RECHERCHER, SAUVER et PROTEGER (Méditerranéee Centrale)

21 312*. Un nombre qui devrait faire bouger les lignes. Pourtant rien. 21 312, c’est le nombre, sous évalué, de personnes décédées en Méditerranée Centrale depuis 2014 et dans le même temps, l’abandon du programme Mare Nostrum** par l’Union européenne et l’Italie.
Pour pallier l’arrêt de ce programme, des ONGs ont décidé d'affreter plusieurs bateaux de sauvetage. Leur mission, venir en aide aux embarcations de fortunes surpeuplées d’exilés qui tentent la dangereuse traversée de la Libye vers l’Europe.
21 312, un nombre qui fait de la Méditerranée, la route migratoire la plus meurtrière au monde.
Les mouvements de migration existent depuis des milliers d’années en Méditerranée. Pourtant, plus récemment, depuis le milieu des années 1990, des milliers de personnes traversent la Méditerranée sur des embarcations de fortune depuis les côtes Nord africaines et la Turquie afin de demander l’asile ou migrer vers l’Europe. Un phénomène qui s‘est amplifié dans les années 2000.
En mer, que ce soit sur l’Ocean Viking (le bateau de SOS Méditerranée) ou sur le Geo Barents (le bateau de Médecin sans Frontière), le credo est le même, s’entraîner encore et toujours pour porter assistance aux bateaux en détresse avec à leurs bords des enfants, des femmes et des hommes qui fuient en quête d’une vie meilleure.
A terre, les politiques migratoires européennes agissent comme des remparts en refusant d’ouvrir des voies légales pour ces personnes qui tentent de changer de vie. Épaulée par Frontex (l’Agence européenne de garde-frontières et de garde-côtes) et son budget de 750 millions ***, la forteresse Europe déploie arsenal militaire et législatif pour empêcher les franchissements de frontières à terre comme en mer : drones, avions, bateaux, rétentions administratives, décrets criminalisant le travail des ONGs... L’Europe ne cesse de se réinventer pour empêcher ce que l’on appelle l’immigration irrégulière ou illégale. Dernier exemple en date, l’Italie, avec le gouvernement d'extrême droite de Giorgia Meloni, vient de passer un nouveau décret obligeant les bateaux humanitaires à rentrer au port après chaque sauvetage. Ces ports, désignés par les autorités italiennes, sont affectés de plus en plus loin de la zone de recherche. Une méthode qui essouffle économiquement les ONGs, obligeant celles-ci à de long périples en mer, et des allers- retours interminables entre les ports et la zone des sauvetages. La technique est limpide : faire perdre du temps et de l’argent alors que les tentatives de passages ne s’arrêtent pas.

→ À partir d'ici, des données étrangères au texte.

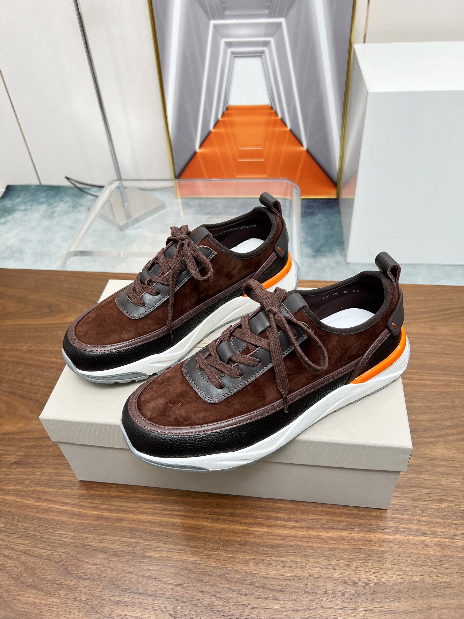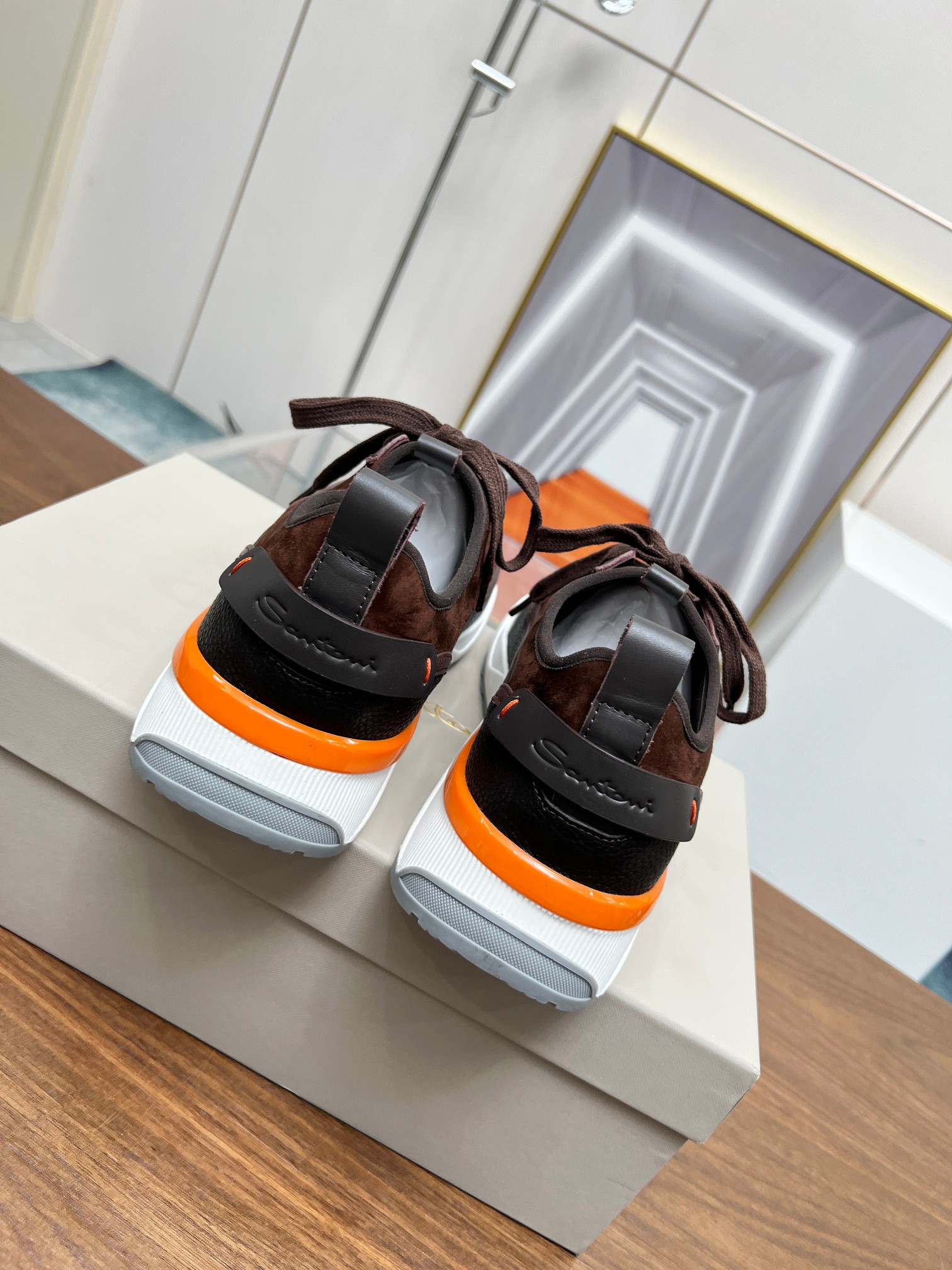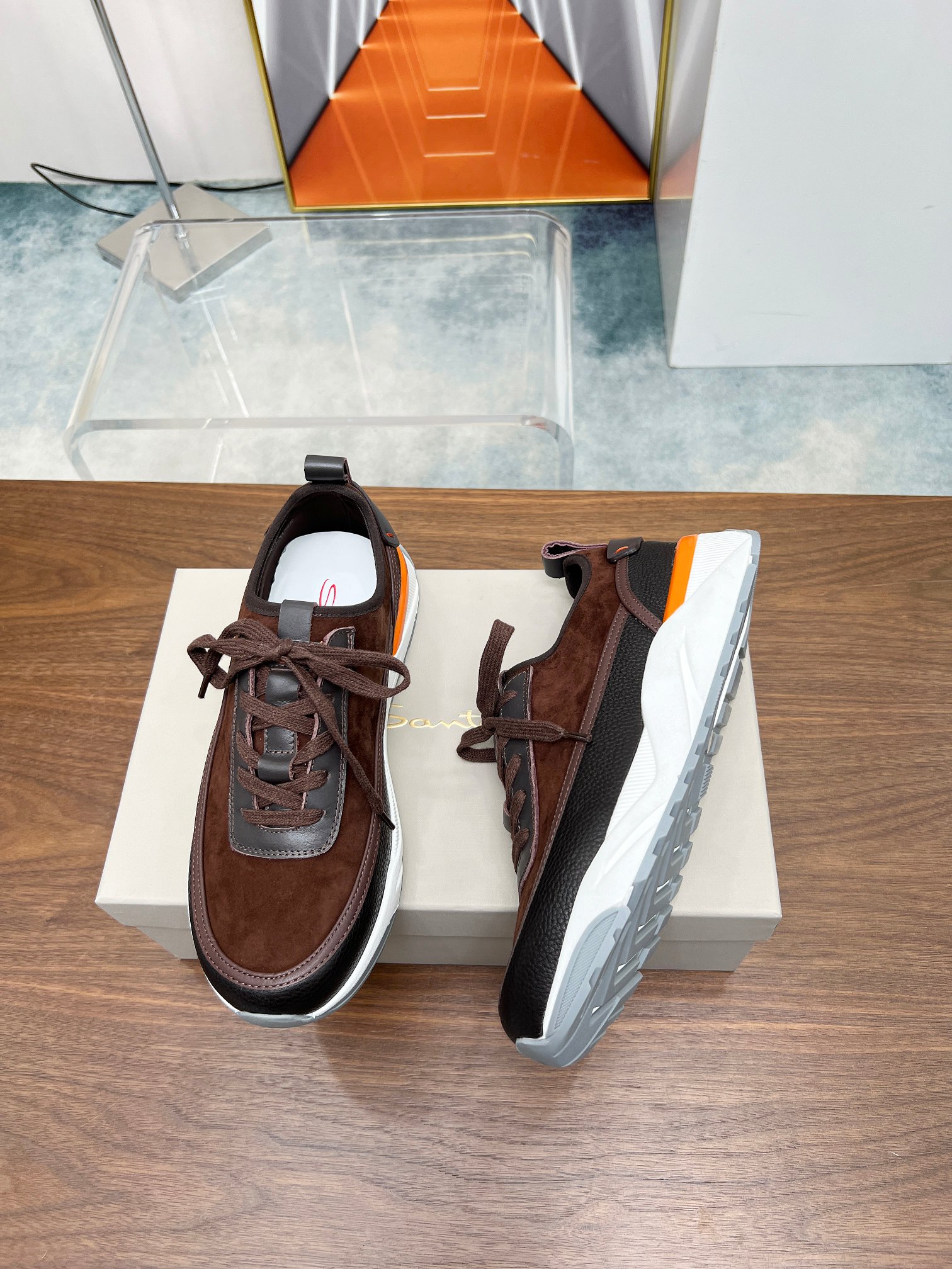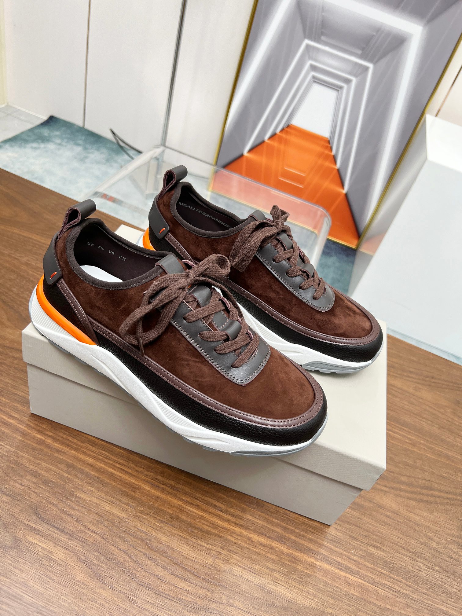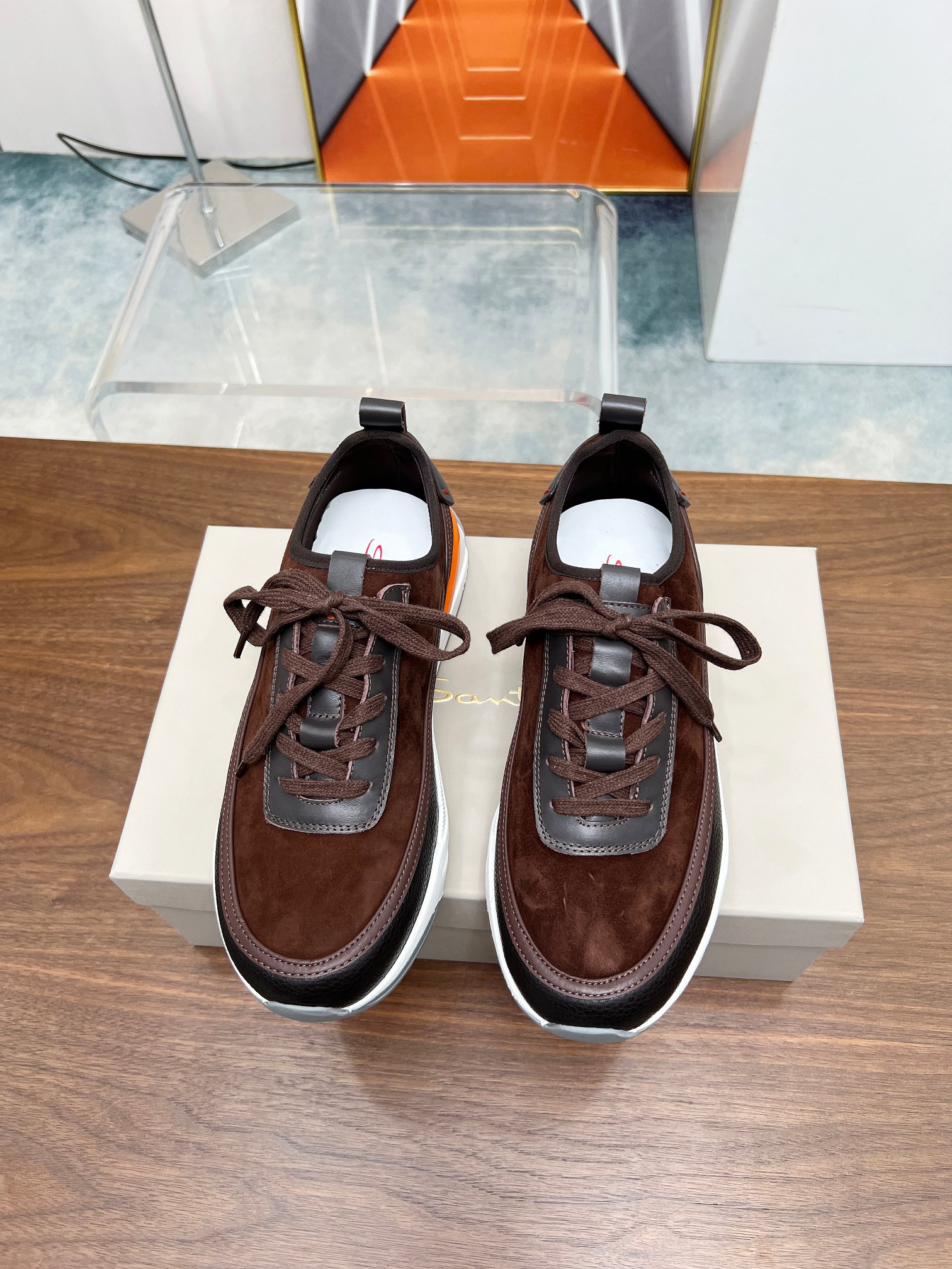 这款鞋子是AAAAA 1:1 质量 (非常棒). 使用了和原版一模一样的材料. 商标部分也保持了和Santoni一样. 图片拍摄是实物鞋子拍摄, 您所收到的实物保证和我们图片一模一样.

Alors que vous lisez ce texte, en France, un projet de loi sur l’immigration doit être débattu par les parlementaires. Espérons que le pays des droits de l’homme n’éteigne pas ses lumières...
* missingmigrants.iom.int, mise à jour juin 2023
** L'opération Mare Nostrum est l’opération militaire et humanitaire menée par la Marina militaire entre octobre 2013 et novembre 2014. Elle fut lancée après le drame de Lampedusa ou 366 personnes perdirent la vie dans un naufrage au large de l’île.